"I've got some stuff here that will soothe it," he said.
"Just drink it down, and then see if you can get a sleep."
His tone was so gentle that had her pain been less severe Olga might have found room for amazement. As it was, she began very weakly to cry.
"Now don't be silly!" said Max. "You needn't move. I'll do it all."
He slipped his arm under the pillow, and lifted her. She commanded herself and drank from the medicine-glass he held to her lips.
"What queer stuff!" she said. "Is it—is it 'the pain-killer'?"
"What do you know about 'the pain-killer'?" he said.
She shrank a little at the question, and he did not pursue it. He laid her down again, settled the pillows, and left her.
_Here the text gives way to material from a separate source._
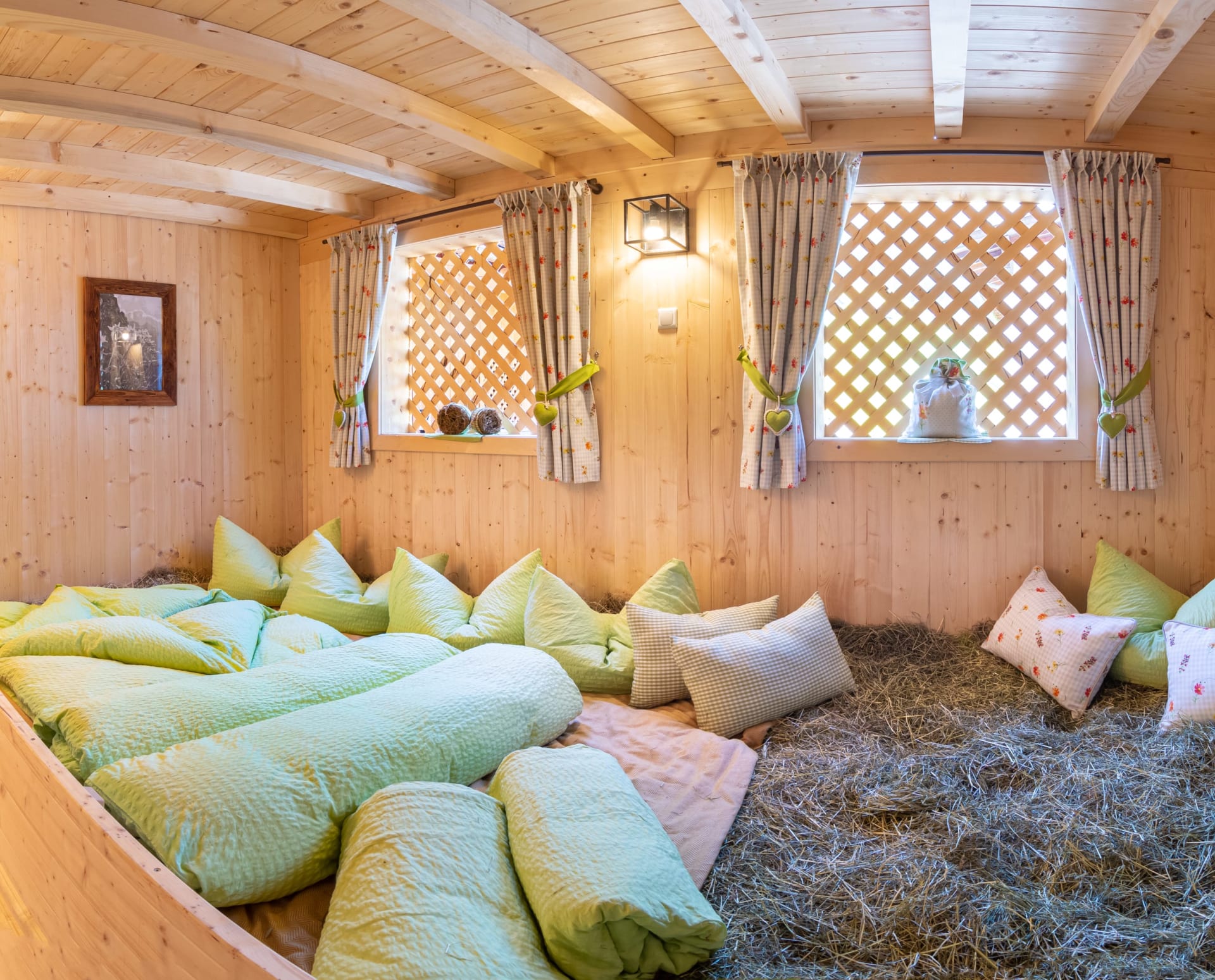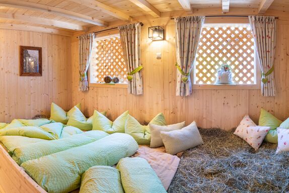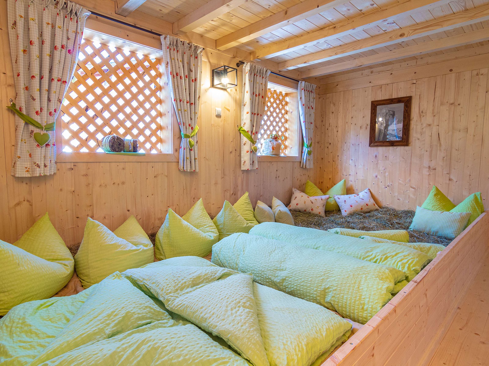 Das frische Heu von unserer Hofeigenen Alm sorgt für einen unvergesslichen Bauernhofmoment. Das Bad mit Dusche und WC befindet sich im Haupthaus nebenan.
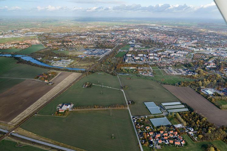 Flygbild som visar Lund sydvästra. Delar av området är objekt för arkitekttävlingen Europan där unga europeiska arkitekter ska lämna förslag på hur området ska utvecklas. Förslagen kommer att integreras i det större utvecklingsarbetet för sydvästra Lund där bland annat en fördjupad översiktsplan tas fram.

Olga lay very still. She felt as if a strange glow were dawning in her brain, a kind of mental radiance, inexpressibly wonderful, absorbing her pain as mist is absorbed by the sun. Gradually it grew and spread till the pain was all gone, swamped, forgotten, in this curious flood of warmth and ecstasy. It was the most marvellous sensation she had ever experienced. Her whole being thrilled responsive to the glow. It was as though a door had been opened somewhere above her and she were being drawn upwards by some invisible means, upwards and upwards, light as gossamer and strangely transcendentally happy, towards the warmth and brightness and wonder that lay beyond.
Up and still up her spirit seemed to soar. Of her body she was supremely, most blissfully, unconscious. She felt as one at the entrance of a dream-world, a world of unknown unimagined splendours, a world of golden atmosphere, of ineffable rapture, and she was floating up through the ether, eager-spirited, wrapt in delight.